WHAT IS EXPECTED.
Copy out exactly, from the entries that follow, the line holding "Columbia Walnut Rectangular", the line holding "4、肉饼煎制完成后,点击红色", and all lines between them, but no pictures.

DATA FOR THIS TASK.
↓

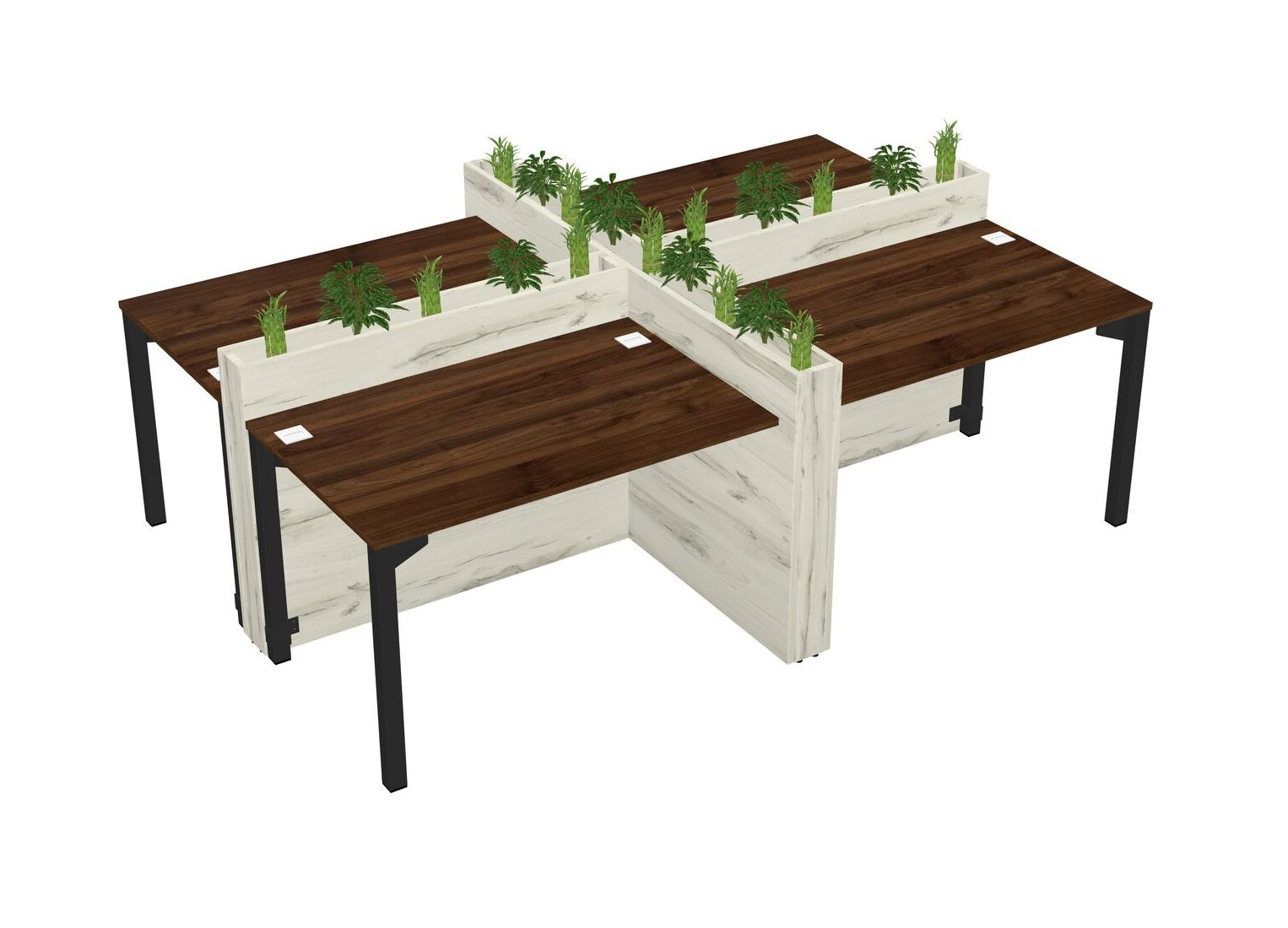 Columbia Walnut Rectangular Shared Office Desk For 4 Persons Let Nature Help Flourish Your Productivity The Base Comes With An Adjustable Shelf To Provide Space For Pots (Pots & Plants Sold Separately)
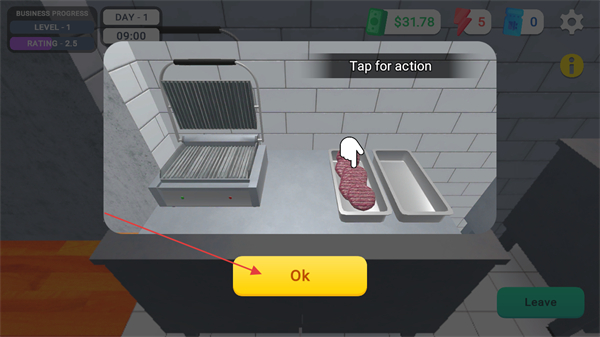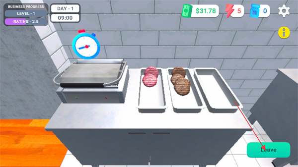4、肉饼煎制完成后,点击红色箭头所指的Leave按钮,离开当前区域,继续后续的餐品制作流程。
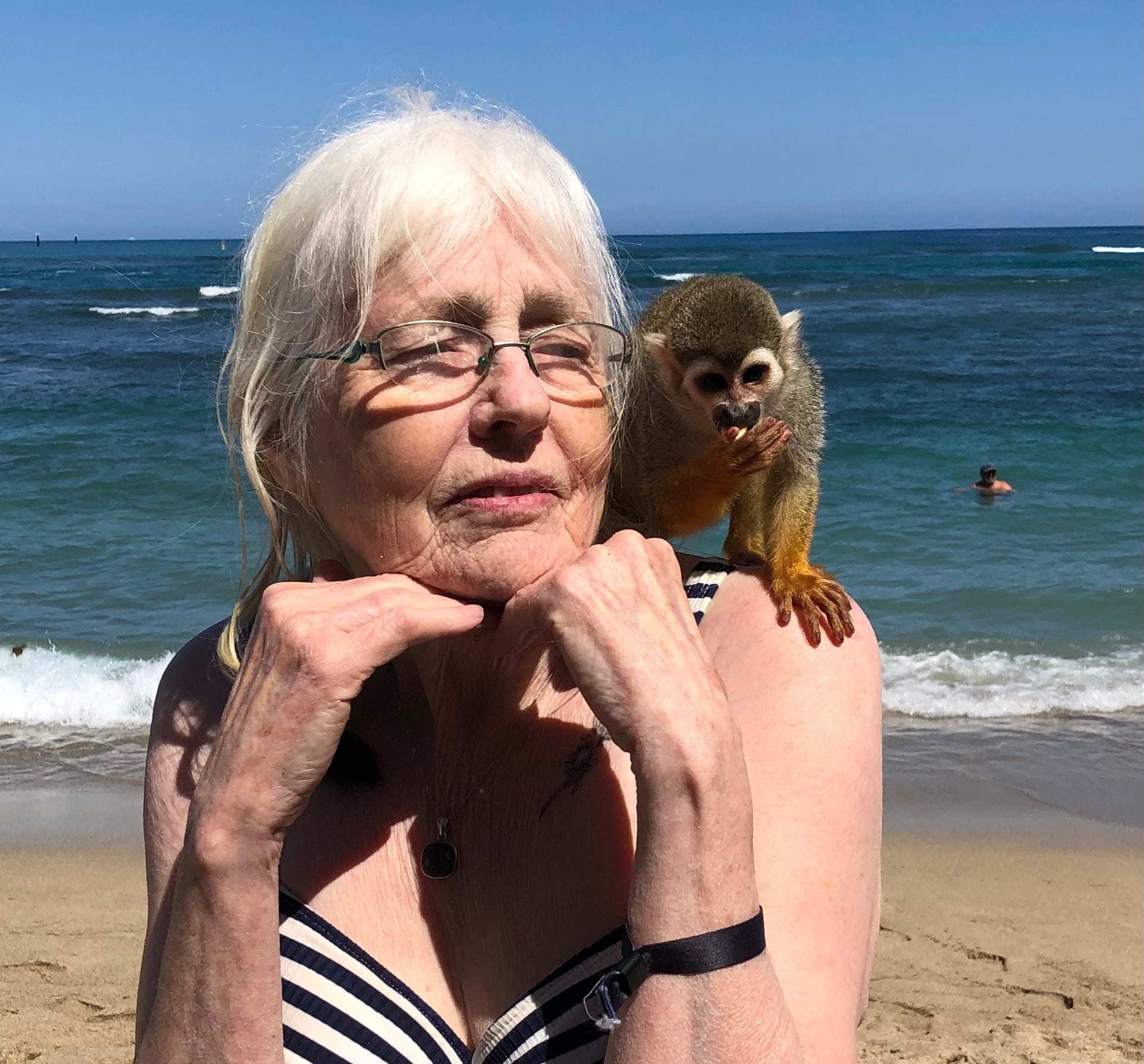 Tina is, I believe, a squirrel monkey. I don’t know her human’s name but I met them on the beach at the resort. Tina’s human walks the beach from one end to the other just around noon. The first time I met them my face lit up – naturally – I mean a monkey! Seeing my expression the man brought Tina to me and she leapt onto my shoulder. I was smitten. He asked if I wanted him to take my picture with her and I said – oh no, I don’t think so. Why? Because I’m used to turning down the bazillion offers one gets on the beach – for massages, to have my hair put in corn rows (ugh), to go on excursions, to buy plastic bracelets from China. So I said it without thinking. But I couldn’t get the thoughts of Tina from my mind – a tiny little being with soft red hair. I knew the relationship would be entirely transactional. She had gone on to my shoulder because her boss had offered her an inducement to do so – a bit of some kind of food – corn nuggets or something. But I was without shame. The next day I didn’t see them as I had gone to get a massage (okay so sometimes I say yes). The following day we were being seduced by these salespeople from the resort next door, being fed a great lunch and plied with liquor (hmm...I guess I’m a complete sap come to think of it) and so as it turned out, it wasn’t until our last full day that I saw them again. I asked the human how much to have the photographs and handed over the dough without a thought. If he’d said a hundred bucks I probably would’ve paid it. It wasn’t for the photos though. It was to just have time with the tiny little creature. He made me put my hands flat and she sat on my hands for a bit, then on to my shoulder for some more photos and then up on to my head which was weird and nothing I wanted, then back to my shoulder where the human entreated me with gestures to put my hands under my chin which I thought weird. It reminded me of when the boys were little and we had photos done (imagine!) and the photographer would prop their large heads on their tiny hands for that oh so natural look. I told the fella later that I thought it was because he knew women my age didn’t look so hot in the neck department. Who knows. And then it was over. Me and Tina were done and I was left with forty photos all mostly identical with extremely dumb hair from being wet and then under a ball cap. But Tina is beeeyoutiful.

↑
↓

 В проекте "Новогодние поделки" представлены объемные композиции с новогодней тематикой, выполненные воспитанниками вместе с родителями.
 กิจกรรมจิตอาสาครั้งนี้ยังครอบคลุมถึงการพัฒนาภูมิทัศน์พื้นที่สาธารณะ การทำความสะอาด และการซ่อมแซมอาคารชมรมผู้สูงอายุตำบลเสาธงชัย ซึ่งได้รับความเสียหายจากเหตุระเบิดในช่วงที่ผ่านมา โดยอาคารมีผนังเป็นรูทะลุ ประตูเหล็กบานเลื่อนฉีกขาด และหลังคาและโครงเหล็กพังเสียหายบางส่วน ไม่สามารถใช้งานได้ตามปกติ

↑
↓

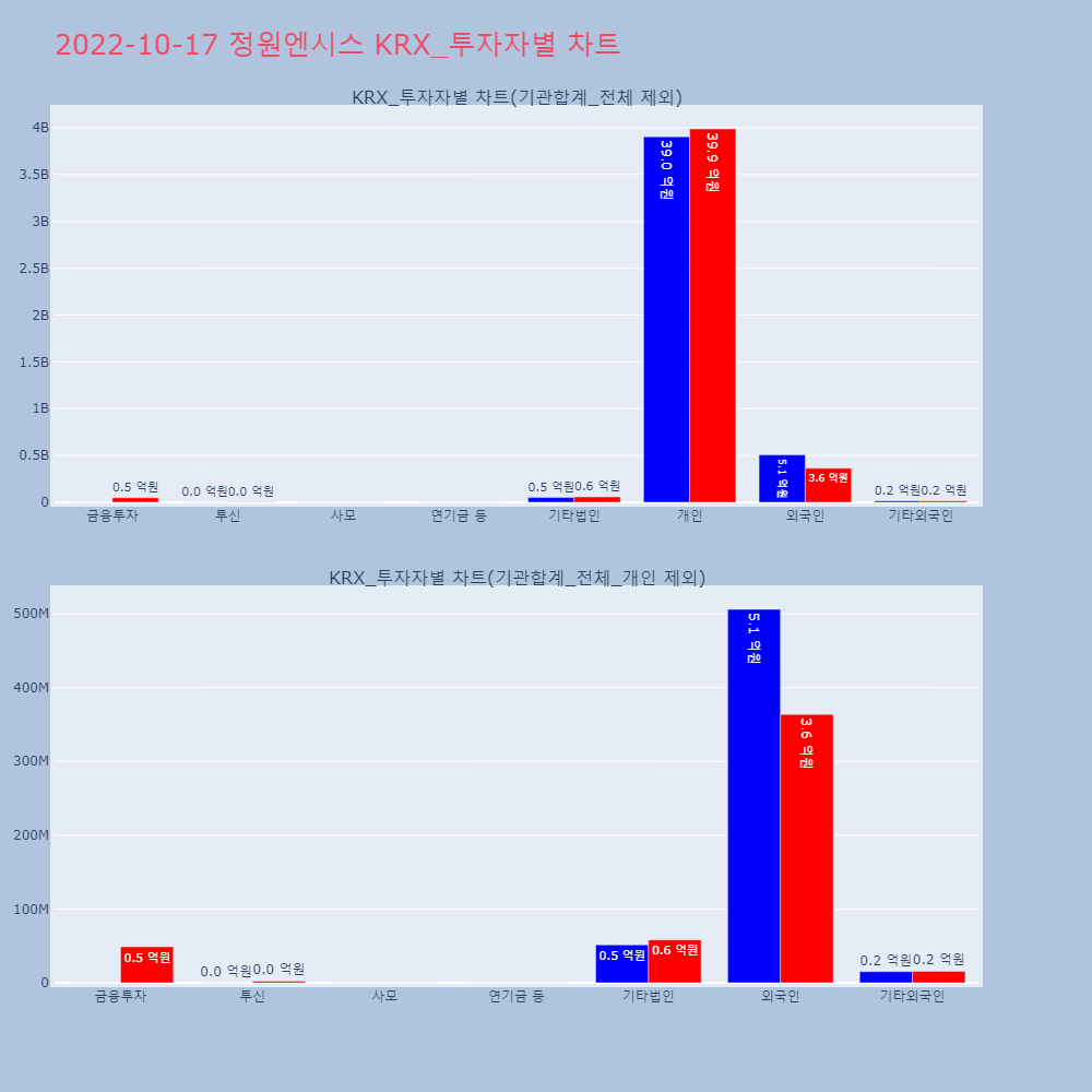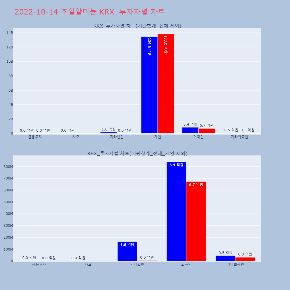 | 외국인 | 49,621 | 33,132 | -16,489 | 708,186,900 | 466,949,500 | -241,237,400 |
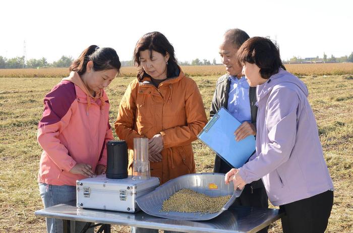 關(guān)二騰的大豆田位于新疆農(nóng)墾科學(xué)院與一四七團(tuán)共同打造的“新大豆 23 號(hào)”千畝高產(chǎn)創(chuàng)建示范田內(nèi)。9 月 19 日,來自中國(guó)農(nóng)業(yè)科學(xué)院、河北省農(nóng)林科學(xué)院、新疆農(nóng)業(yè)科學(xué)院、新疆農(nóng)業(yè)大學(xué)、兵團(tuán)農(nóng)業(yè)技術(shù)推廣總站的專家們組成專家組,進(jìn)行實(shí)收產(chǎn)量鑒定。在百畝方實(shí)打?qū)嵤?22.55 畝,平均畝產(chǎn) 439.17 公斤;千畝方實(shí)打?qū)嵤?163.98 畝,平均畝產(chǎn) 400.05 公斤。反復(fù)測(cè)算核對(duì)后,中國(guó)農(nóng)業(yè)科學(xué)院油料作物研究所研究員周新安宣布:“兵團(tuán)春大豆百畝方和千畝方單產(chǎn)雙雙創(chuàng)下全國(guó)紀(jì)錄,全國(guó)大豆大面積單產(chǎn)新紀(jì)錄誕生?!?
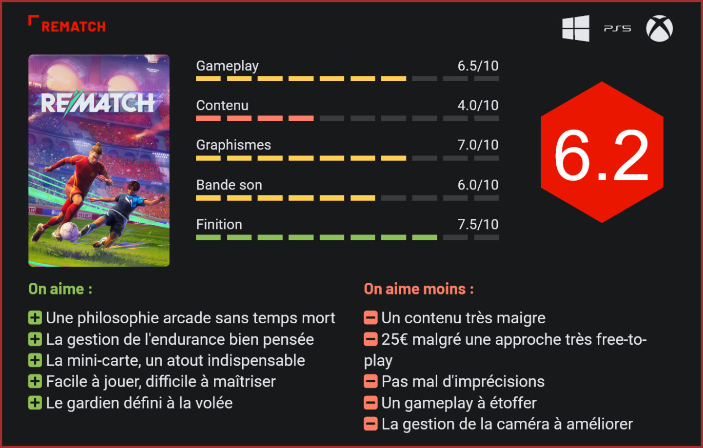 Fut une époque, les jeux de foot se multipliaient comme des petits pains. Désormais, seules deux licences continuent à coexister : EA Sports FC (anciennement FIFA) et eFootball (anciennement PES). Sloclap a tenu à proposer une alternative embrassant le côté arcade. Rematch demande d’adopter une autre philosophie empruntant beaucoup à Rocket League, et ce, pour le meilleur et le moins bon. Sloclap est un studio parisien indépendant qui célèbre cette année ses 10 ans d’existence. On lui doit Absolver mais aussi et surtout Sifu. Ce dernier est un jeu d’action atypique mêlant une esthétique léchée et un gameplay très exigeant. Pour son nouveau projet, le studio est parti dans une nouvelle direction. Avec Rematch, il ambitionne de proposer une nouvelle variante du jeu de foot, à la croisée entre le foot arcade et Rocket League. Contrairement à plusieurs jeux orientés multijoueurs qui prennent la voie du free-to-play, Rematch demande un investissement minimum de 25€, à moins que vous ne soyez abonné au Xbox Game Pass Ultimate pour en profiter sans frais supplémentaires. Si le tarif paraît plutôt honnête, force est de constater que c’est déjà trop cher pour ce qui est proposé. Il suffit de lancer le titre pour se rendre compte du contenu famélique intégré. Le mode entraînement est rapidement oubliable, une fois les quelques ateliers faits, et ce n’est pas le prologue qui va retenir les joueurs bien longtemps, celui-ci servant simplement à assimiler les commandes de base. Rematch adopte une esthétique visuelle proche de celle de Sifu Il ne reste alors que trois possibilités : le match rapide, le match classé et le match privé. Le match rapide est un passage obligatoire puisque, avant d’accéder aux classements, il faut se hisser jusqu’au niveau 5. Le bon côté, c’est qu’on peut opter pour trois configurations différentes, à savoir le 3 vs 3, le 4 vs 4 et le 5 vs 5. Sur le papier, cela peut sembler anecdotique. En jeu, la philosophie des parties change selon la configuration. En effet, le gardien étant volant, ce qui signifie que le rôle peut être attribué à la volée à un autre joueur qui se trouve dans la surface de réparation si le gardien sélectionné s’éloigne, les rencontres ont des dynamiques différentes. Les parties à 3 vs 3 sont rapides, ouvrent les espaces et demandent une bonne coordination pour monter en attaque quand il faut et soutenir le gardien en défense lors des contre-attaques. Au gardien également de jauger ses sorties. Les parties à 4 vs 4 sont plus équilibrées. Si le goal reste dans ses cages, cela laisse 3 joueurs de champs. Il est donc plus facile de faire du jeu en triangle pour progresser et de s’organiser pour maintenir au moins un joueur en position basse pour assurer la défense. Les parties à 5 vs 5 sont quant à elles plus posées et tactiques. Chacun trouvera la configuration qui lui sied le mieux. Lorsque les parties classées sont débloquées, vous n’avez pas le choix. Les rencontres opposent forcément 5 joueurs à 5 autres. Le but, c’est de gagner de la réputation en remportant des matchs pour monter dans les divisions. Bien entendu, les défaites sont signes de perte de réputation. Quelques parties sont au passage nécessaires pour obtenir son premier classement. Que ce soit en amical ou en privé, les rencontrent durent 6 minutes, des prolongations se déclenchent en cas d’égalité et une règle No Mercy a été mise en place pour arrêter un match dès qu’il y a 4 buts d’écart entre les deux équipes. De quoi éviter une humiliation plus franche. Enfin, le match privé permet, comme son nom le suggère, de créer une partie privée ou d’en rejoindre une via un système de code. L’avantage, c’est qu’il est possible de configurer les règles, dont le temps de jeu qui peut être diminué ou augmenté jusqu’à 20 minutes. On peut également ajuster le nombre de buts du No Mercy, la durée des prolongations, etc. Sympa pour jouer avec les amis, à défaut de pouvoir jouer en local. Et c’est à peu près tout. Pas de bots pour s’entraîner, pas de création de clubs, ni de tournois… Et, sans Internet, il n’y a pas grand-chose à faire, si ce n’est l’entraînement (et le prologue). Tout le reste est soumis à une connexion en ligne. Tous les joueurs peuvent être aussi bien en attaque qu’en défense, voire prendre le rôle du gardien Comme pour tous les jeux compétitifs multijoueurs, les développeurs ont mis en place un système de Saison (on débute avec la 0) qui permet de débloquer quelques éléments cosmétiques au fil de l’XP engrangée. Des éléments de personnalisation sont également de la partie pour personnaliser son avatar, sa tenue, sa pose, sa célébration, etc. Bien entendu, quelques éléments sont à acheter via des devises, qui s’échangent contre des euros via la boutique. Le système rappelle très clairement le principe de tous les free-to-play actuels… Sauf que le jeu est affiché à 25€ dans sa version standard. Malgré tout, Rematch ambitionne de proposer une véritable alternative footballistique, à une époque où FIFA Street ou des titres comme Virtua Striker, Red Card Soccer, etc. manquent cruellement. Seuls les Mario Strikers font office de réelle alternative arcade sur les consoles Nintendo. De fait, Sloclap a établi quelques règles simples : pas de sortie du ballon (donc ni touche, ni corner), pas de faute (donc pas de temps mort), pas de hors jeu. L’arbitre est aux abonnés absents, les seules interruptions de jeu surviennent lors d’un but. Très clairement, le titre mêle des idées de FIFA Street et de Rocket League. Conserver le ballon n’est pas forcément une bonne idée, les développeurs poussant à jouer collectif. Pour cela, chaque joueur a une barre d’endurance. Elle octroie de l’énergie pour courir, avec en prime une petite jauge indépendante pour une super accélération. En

↑

ANSWER BELOW.
 Columbia Walnut Rectangular Shared Office Desk For 4 Persons Let Nature Help Flourish Your Productivity The Base Comes With An Adjustable Shelf To Provide Space For Pots (Pots & Plants Sold Separately)
4、肉饼煎制完成后,点击红色箭头所指的Leave按钮,离开当前区域,继续后续的餐品制作流程。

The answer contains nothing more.